To get started in our findings, let’s break down our methodology that led us to these conclusions:

  • Timeframe: January 2016 through March 2020
  • Logic: To assess the number of people from commercial organizations who contributed to open source projects from 2016-2020, we utilized the same approach that we do for the OSCI rankings. We use publicly available GitHub commit event data from GH Archive. This includes all commits to public GitHub projects, which generally correlates to them being open source. For this analysis, we measured the total number of Active Contributors (10+ commits) at each organization.
  • Tiers: To make it easier to analyze trends in a meaningful way, we split the rankings into four tiers. The tiers are not based on a fixed number of companies for 2016 vs. 2020, but rather break up different parts of the data to gain better insights into the open source community. More on this as we blog our way through the rankings!
  • Result: We graphed the rankings of these companies over the last four years, so that we can see trends in the open source community and who retains their positions, rises and falls over time.

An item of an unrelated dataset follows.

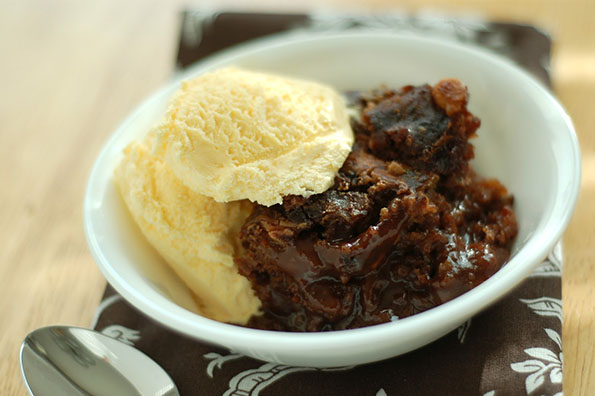 - Печете околу 30-35 минути додека површината на тортата не почне да изгледа како да е сува. Оставете да се излади десетина минути, а потоа е спремна за сервирање. Можете да ја послужите со сладолед.

High-Level Rankings (2016-2019)

To start, let’s look at all the companies who make it into the top 30 at some point in the past three years. Interestingly, 38 total companies made an appearance, which shows how competitive these rankings truly are. Note that this graph does not show quantity of Active Contributors – just ranking over time. Despite the density of this graph, we can see the relative stability in the companies who ranked highly compared with the volatility of the companies that ranked farther down the list. Let’s break down this data into tiers to better understand what trends we can observe.

Q1 2020 Update

This table compares positions at end of March 2020 with positions at end of 2019.

In this table, we observe some notable movements:

  • Google has risen from 2nd to 1st place. As shown in the 2016-2019 graph below, Microsoft was consistently in 1st place over the last three years. Despite this, there is a small gap between the two companies in the number of Active Contributors so far in 2020, so positions can still change again as we continue through 2020.
  • JetBrains made a significant rise from 21st place to 13th. However our historical data for 2019 shows that at end of Q1 2019, JetBrains was in 14th place, before dropping back seven places by year end.
  • Four new companies appear in the top 30 for the first time: Odoo (up 18 places to 17th), Elastic (up 11 places to 25th), Datadoghq (also up 11 places to 28th) and mongoDB (up from 41st to 30th). In fact, we already called these companies out as ‘rising stars’ in our original analysis – companies who had made consistent rises in the rankings over the past years.
  • The companies displaced from the top 30 were WIX (from 29th to 36th), Liferay (28th to 33rd), Tencent (24th to 37th) and Alibaba (18th to 31st).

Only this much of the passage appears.